Judged to be in good health by the investigator based upon the results of a medical history, physical examination, vital signs, 12-lead electrocardiogram (ECG), and fasting clinical laboratory safety tests, available at screening and prior to the first sulfasalazine administration. Bilirubin, aspartate aminotransferase (AST), and alanine aminotransferase (ALT) must be no greater than 1.5x upper limit of normal range (ULN). Other clinical laboratory safety test results must be within the reference ranges or test results that are outside the reference ranges need to be considered not clinically significant in the opinion of the investigator.

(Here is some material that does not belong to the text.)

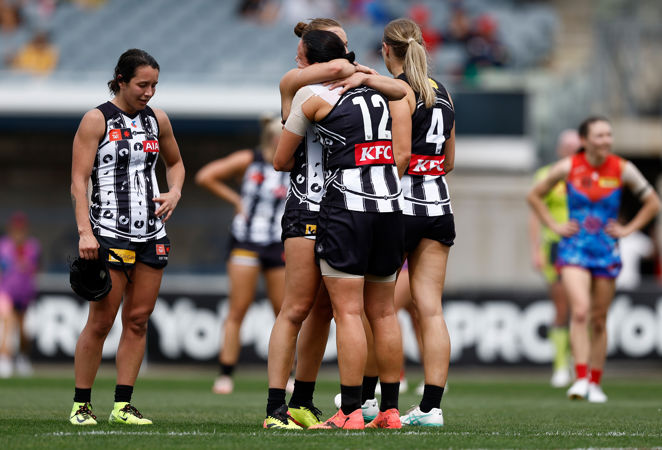 MELBOURNE, AUSTRALIA - NOVEMBER 02: Stacey Livingstone of the Magpies is congratulated after her last match during the 2024 AFLW Round 10 match between Narrm (Melbourne Demons) and the Collingwood Magpies at IKON Park on November 02, 2024 in Melbourne, Australia. (Photo by Michael Willson/AFL Photos)

This list only contains the key inclusion criteria.

Exclusion criteria

Known hypersensitivity to the investigational product (IP) (GLPG3970), or sulfasalazine, or sulfa drugs, or to their ingredients, or history of a significant allergic reaction to IP or sulfasalazine ingredients as determined by the investigator.
Positive serology for hepatitis B virus surface antigen (HBsAg) or hepatitis C virus (HCV) or history of hepatitis from any cause with the exception of hepatitis A that was resolved at least 3 months prior to first dosing of sulfasalazine.
History of or a current immunosuppressive condition (e.g. human immunodeficiency virus (HIV) infection).
Having any illness, judged by the investigator as clinically significant, in the 3 months prior to first dosing of sulfasalazine.
Presence or sequelae of gastrointestinal, liver, kidney (estimated glomerular filtration rate (eGFR) <=90 mL/min/1.73 m2, using the Chronic Kidney Disease Epidemiology Collaboration (CKD-EPI) formula) or other conditions known to interfere with the absorption, distribution, metabolism, or excretion of drugs.
Subjects with an N-acetyltransferase 2 (NAT2) slow acetylator genotype.

This list only contains the key exclusion criteria.